After years of planning and raising funds, the perennial power tennis program has a premier new facility.


When Drew Judson was attending Fruitland High School, it was pretty simple.

“At that time (2000-2003), if you played tennis, you were on the varsity team,” said Judson, the 10th-year tennis coach in Fruitland. “Many times, we would have to forfeit individual matches when we would match up with other teams, as we could not field a full team.”

My, how things have changed along the Idaho/Oregon border.

In 2017, Judson’s program had 44 players at the high school level (for a point of context, Fruitland’s powerhouse football team listed 48 players on its varsity roster this past season) and another 60 playing at Fruitland Middle School.

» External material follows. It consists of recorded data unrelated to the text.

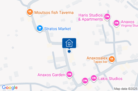 Budova se nachází přibližně 300 m od veřejné písečné pláže Anaxos (lehátka a slunečníky na pláži za poplatek).
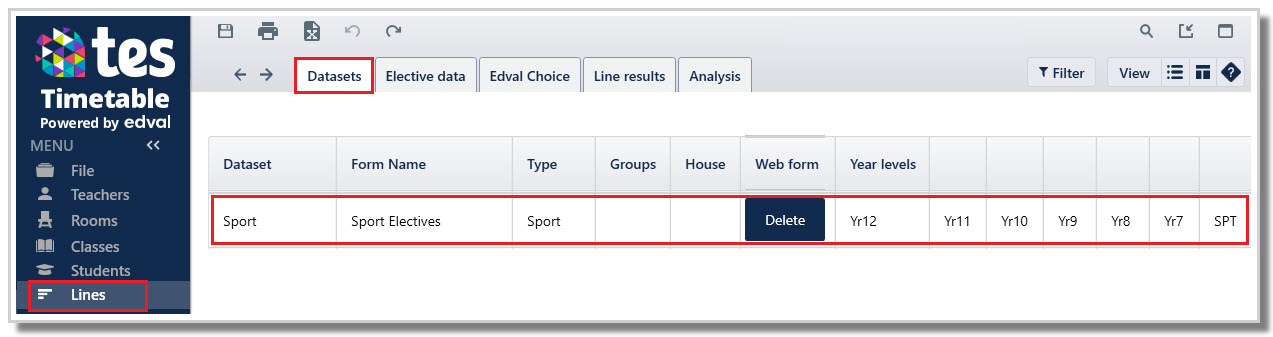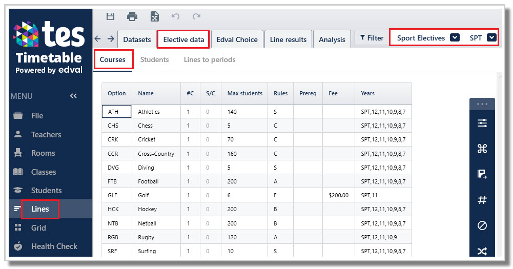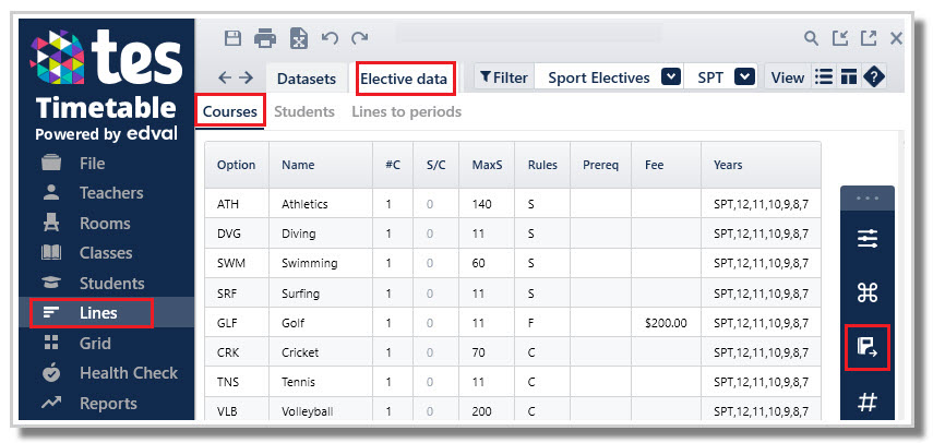 Navigate to Lines > Elective data > Courses. Filter, in the top menu on the right, by the sport dataset, e.g. Sport Electives, and select the SPT year level.
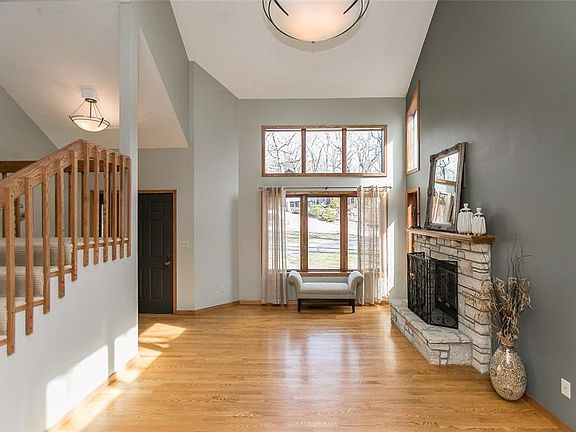 Great NE home in popular neighborhood, sitting on half an acre wooded lot. Drive up and pull into the new driveway with new retaining wall along the side. Walk in the home and be taken back by the tall vaulted ceiling and stone wood burning fireplace. This home features solid hardwood floors throughout the main level, granite counters in the kitchen, main floor laundry, a formal dining room, great room, half bath and living room with screened in porch just off of it. Upstairs you'll find 3 nice sized bedrooms and 2 full baths. The master is spacious with his/ her sinks, walk-in closet, his/her sinks, and tiled shower. The walk-out lower level has a wet bar, a gas fireplace, another bedroom/ bath, nice storage and a rec room that is perfect to watch the games. Walk out back and enjoy the deck/patio and privacy of the wooded backyard. Move in ready, all appliances stay, even washer/dryer.

And, added to that, the Grizzlies program welcomed its newest member this spring – a brand-new, $450,000, six-court tennis facility at the school.

“From the time school started in August, many of our players were asking me, ‘when are the courts going to be done,’ or ‘can we play on the courts yet?’” Judson said. “They were very anxious and excited to use the courts.”

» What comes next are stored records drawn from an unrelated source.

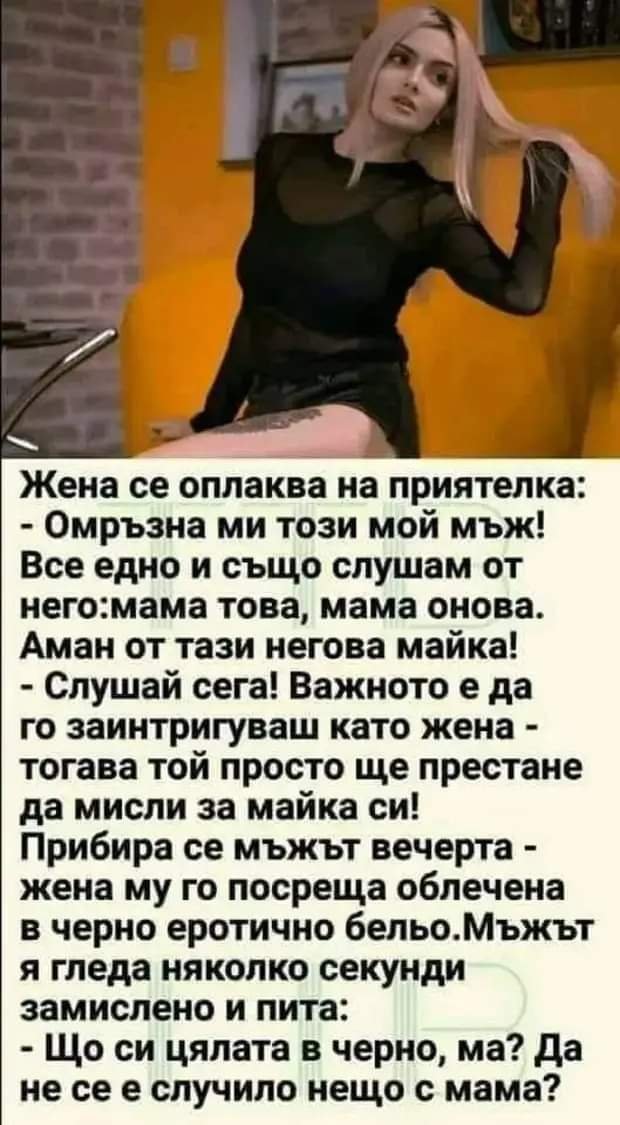 - Ми то и аз съм горе-долу така - всеки ден след работа при мен се качва бай Иван от втория етаж. Ядем каквото съм забъркала, пием каквото се намира, но после в леглото правим секс ...
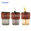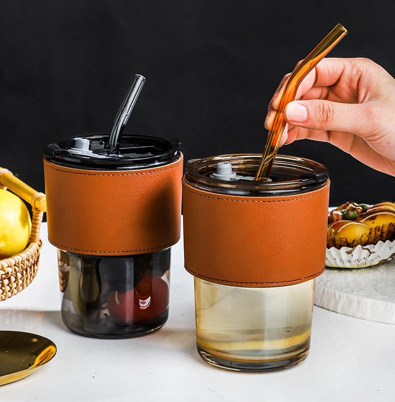 Taza de Bambú Taza de Agua Creativa Taza de Café para Estudiante Celebridad de Internet Taza de Café de Alto Valor Vaso con Pajita de Vidrio Taza con Juego de Cuero
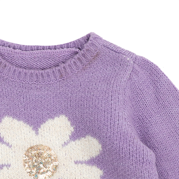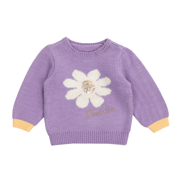 앞판에 쟈가드로 꽃 포인트를 준 니트 풀오버 입니다.

Up until this season, the Grizzlies played at Mesa Park, a lighted, public park in Fruitland a little over a mile away from the school. It made for some long nights, with matches often lasting until 9:30 or 10:00 at night.

“An assistant coach of ours used to coach in Weiser and jokingly said we were called, ‘Forever Fruitland,’” Judson said of the length of matches.

The tennis program in Fruitland began raising money in 2009 but the process really began to build steam in 2013. An official fundraising committee was established in 2014 with the goal of getting on-campus tennis courts for Fruitland High School, not only so the team would have somewhere to practice and play, but also so the public would have more access to the public courts at Mesa Park once again. The original plan called for eight courts but was scaled back to six in order to help save on cost. In the end, the team and the committee raised $233,000 toward the project with the school district covering the remaining costs.

Judson pointed out that the money contributed from the district was already earmarked for facilities and wasn’t taken from any salary or operational budgets.

The project called for a sub-surface material called “post-tensioned concrete,” which will help the courts last longer and be less of a burden on the school or community to maintain. Judson said it is the same sub-surface used by the United States Tennis Association hard-court tennis facilities. He also said the project allowed for vinyl-covered fencing around the courts, which doesn’t make as much noise on windy days or when the ball hits it.

The team officially debuted the new courts in late March, beating Vale (OR) High School, 8-4.

Judson’s program has won four team state championships since 2011. The Grizzly girls won team titles in 2011, 2012 and 2013 with the boys getting their own banner in 2013 as well. Kooper Crow won the 3A state boys singles title last spring and teammate Kaylee Benear finished fourth on the girls side. The team’s boys doubles and mixed doubles teams each finished second.

Fruitland is part of a three-team cycle of dominance in tennis at the 3A level in Idaho. Since officially adding the 3A classification to the state tennis slate in 2001, Fruitland, Parma and Ketchum’s Community School - which is actually a 1A school, but there is no 1A classification for tennis - have won all but one state title (Homedale won the combined team title as a 3A school in 2003). Parma, Fruitland’s Snake River Valley rivals, has swept the team titles each of the past three seasons with the Grizzlies in hot pursuit.

Judson beams about the school’s new facility, saying he believes it is one of the nicest in the area and, equally important, the courts should last for a long time.

“I feel lucky to teach and coach in a community that is so supportive in general and to have so many people in our school district and community put in a lot of time and effort to make this tennis-court facility on our campus a reality.” Judson concluded.